The triangular playground has served as a favorite destination for families in the Financial District for years, offering virtually the only jungle gyms and swings around. Now its reconstruction will expand and enhance the site, incorporating a newly de-mapped Little Pearl Street as additional plaza space. It also completes the trio of new green spaces that line Fulton Street; the rebuilt DeLury Square (at Gold Street), and Titanic Park (on the east side of Fulton and Pearl) both reopened in fall 2010.
Like those sister parks, the Pearl Street Playground reconstruction improves pedestrian space along Fulton Street, while its design thematically joins the playground to the area’s waterfront heritage. The playground will feature a continuation of the original water line (marked in the pavement) and a landform/planting bed that evokes the original sandy bluff and drainage route to the East River. Like Titanic Park across the street, the playground also will use an oval form, while an oyster-shaped spray shower and sand-play area is a nod to the oyster middens that once marked Pearl Street. The renovated park is currently expected to open in spring 2012.
The playground reconstruction follows the Department of Design and Construction’s Fulton Street Corridor project, which since 2007 has replaced the water main and other utilities, as well as rebuilt the cross-town thoroughfare block by block from Church to Pearl.

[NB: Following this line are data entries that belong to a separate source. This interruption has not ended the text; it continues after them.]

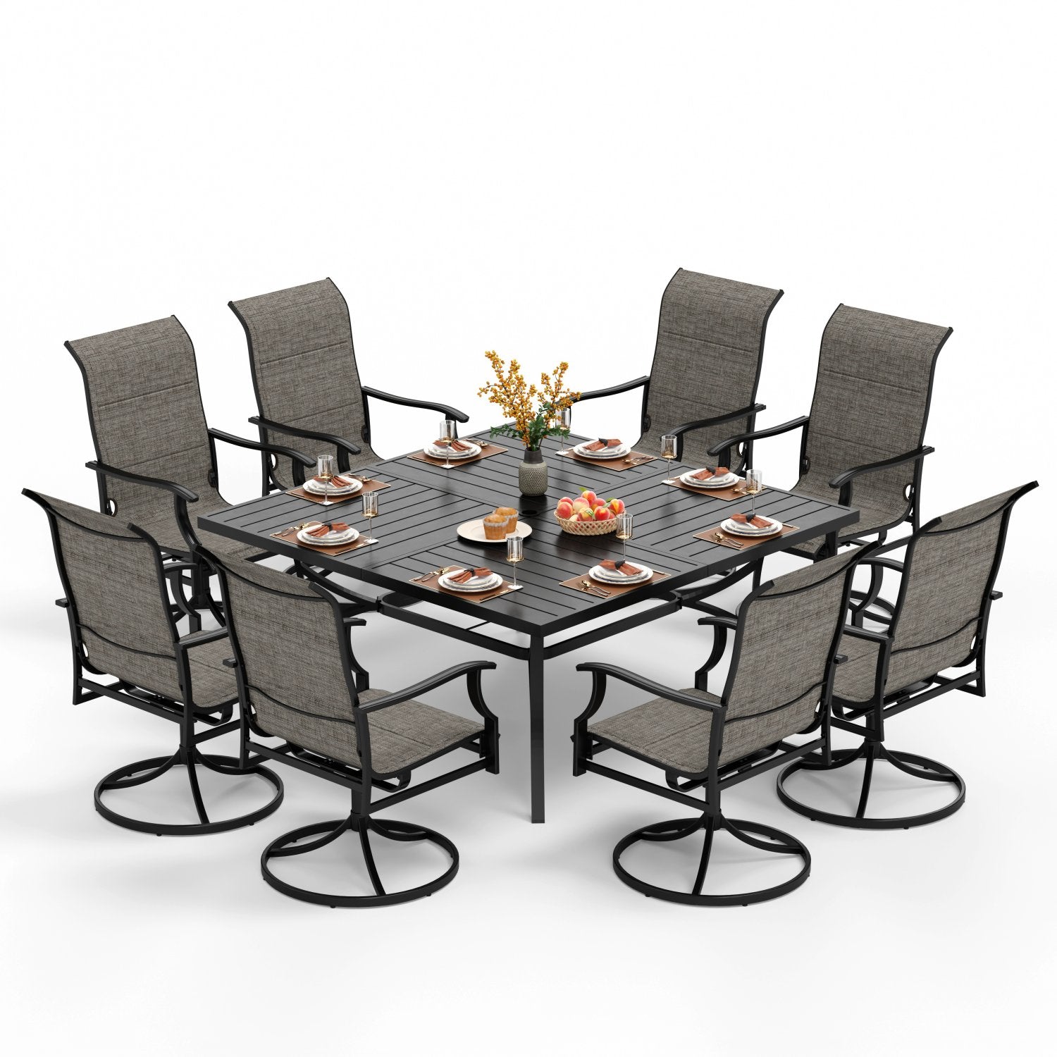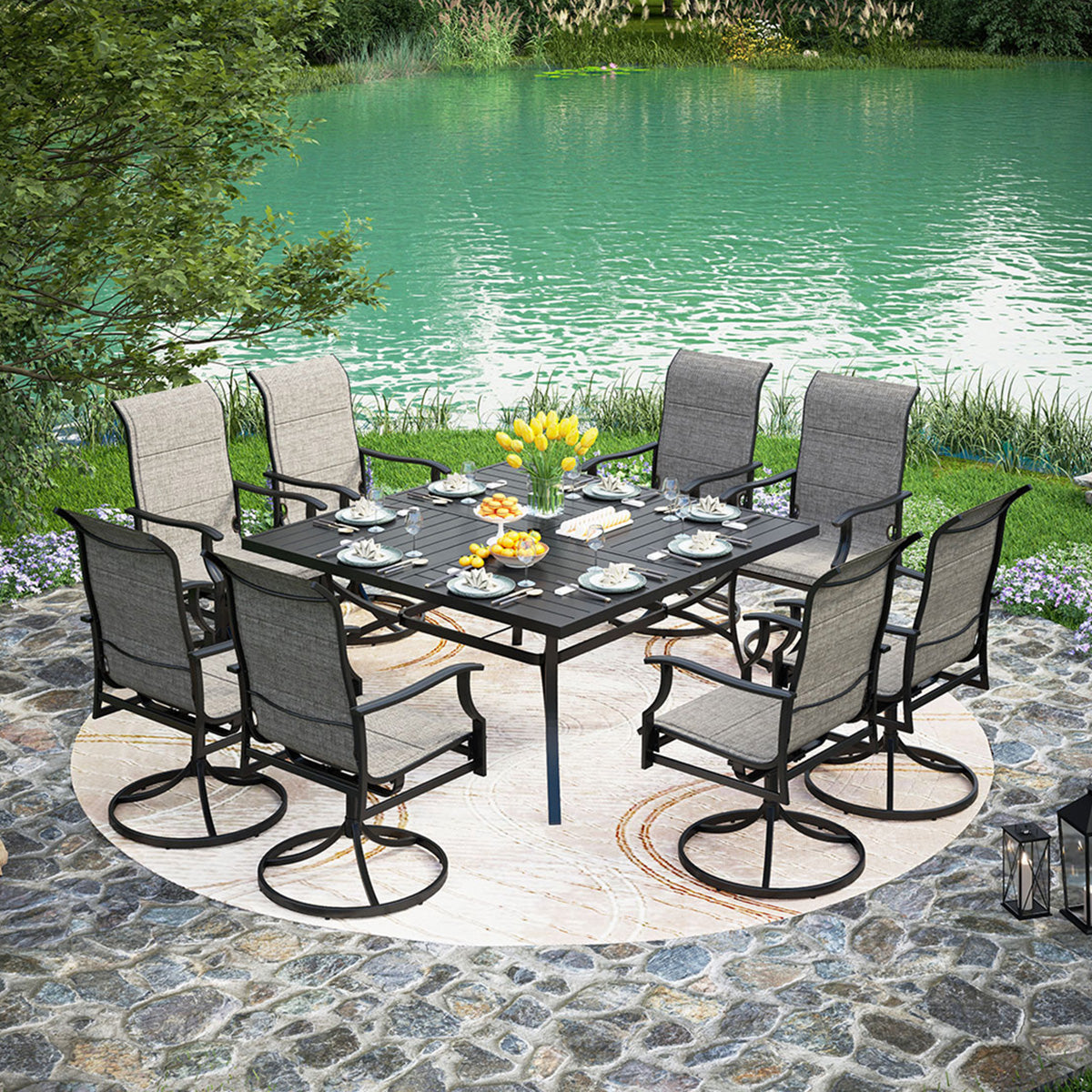 Patio Outdoor Padded Swivel Rocker Textilene Dining Chairs
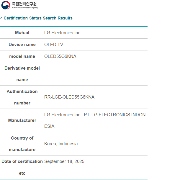 A közelmúltban a DisplaySpecifications leleplezte az LG C6 és G6 tévéket a Nemzeti Rádiókutatási Ügynökség (NRRA) adatbázisában dél-Koreában. Itt mindkettő 55 hüvelykes méretben szerepel, mint az adott piacon történő értékesítésre hitelesített. Ezeket a modelleket várhatóan többféle méretben kínálják majd. Összehasonlításképpen: a 2025 C5 42, 48, 55, 65, 77 és 83 colos változatban kapható, míg a G5 55, 65, 77, 83 vagy 97 colos tévéként vásárolható meg.
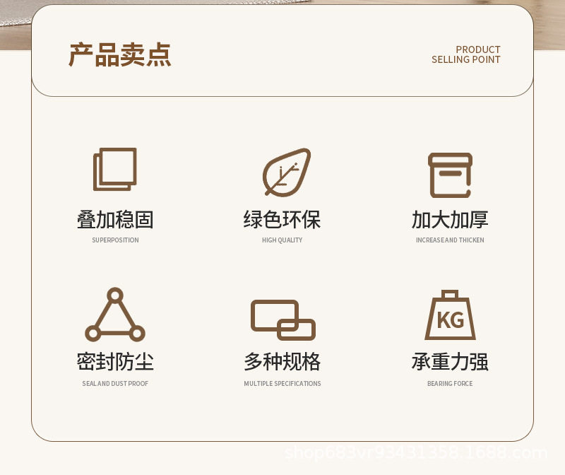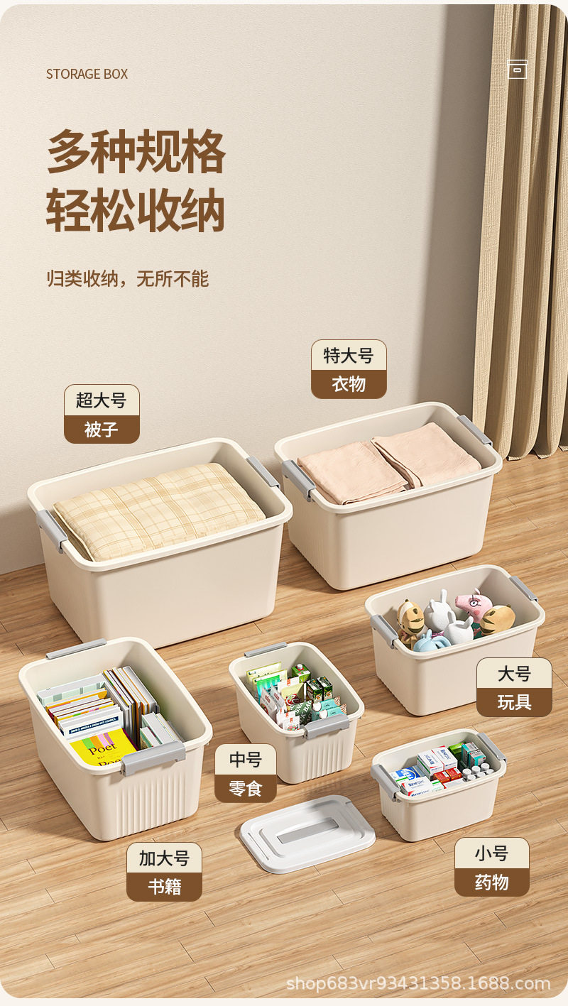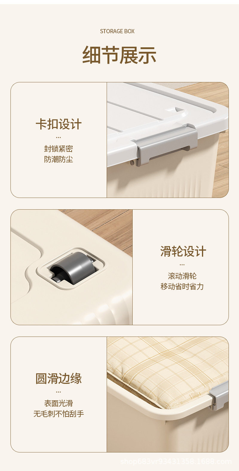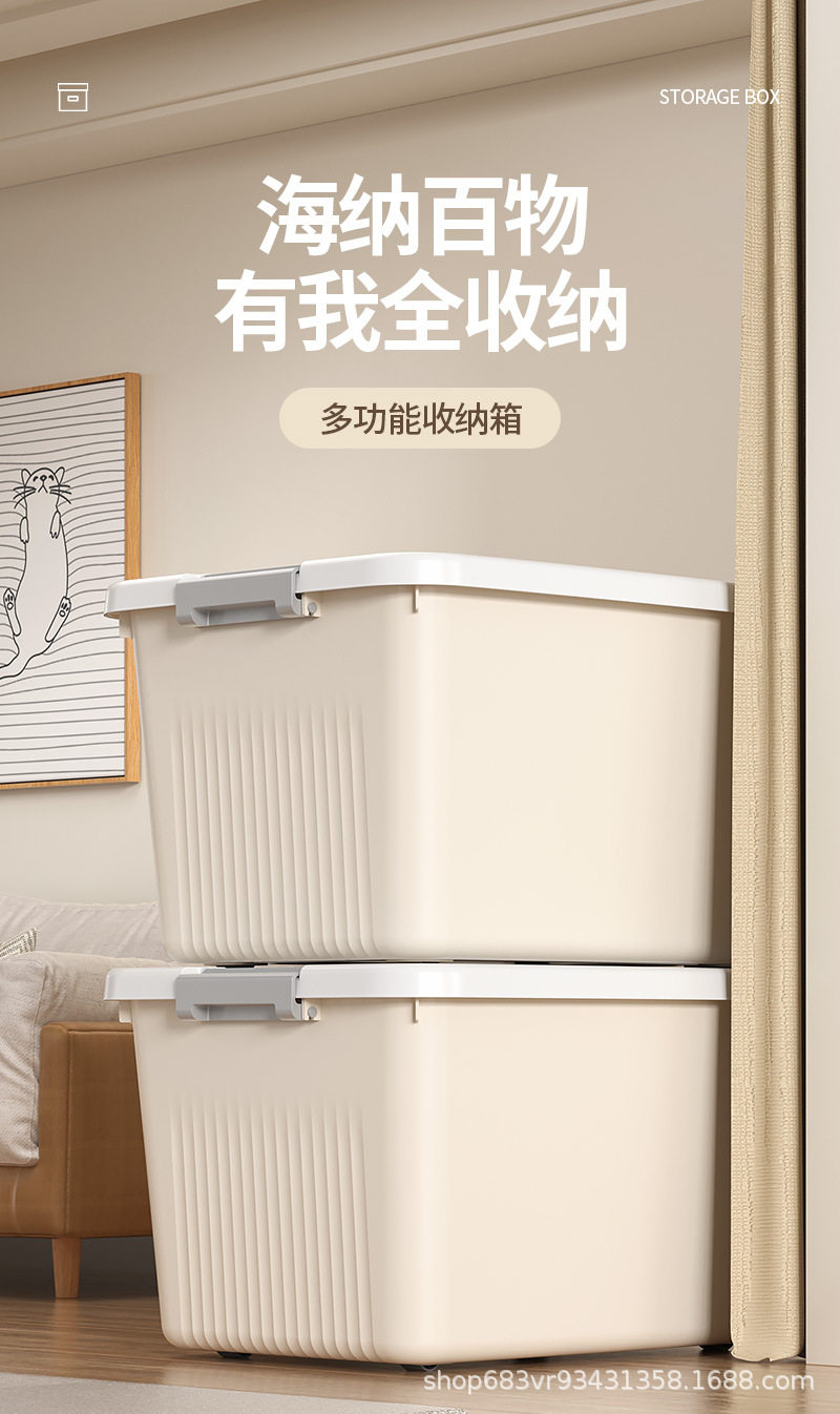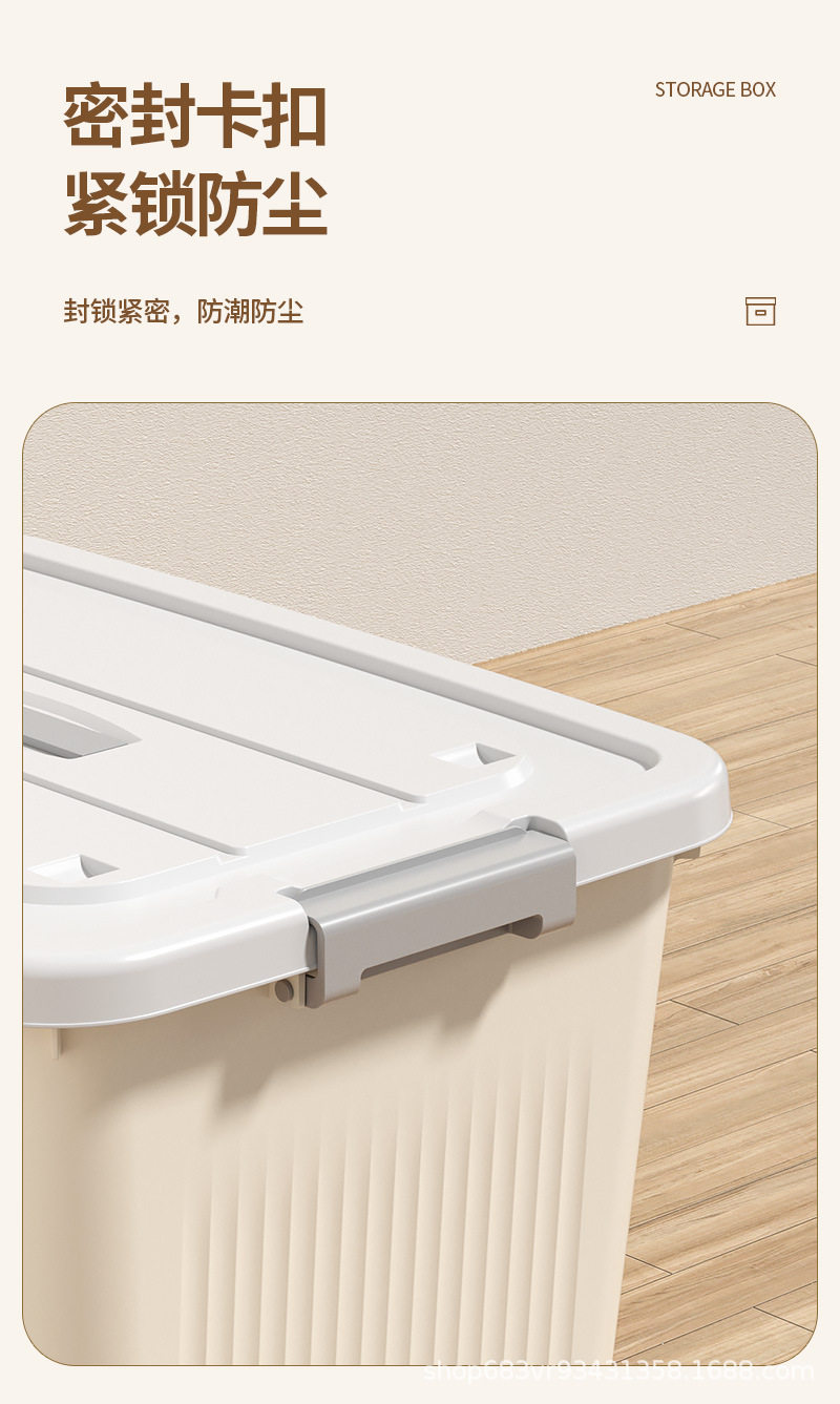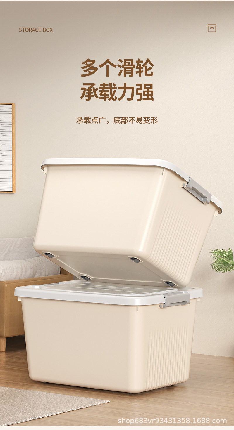 | Product introduction | Rolling and movable, large capacity, moisture and dustproof, strong load-bearing capacity, eco-friendly material / with lid and handle / cream |

That capital project extended eastward to South Street earlier this year and will ramp up following September 11th.
Meanwhile, the Parks Department is also making steady progress on the three East River Slips projects. Both Montgomery and Rutgers Slips are now in the final phases of their reconstructions, on track for completion this summer, including new landscaping, utilities, furniture, and walkways. At Catherine Slip, crews mobilized in spring 2011 to double the pedestrian area, improve the landscaping, and connect to Tanahey Park to the north by winter 2011-2012.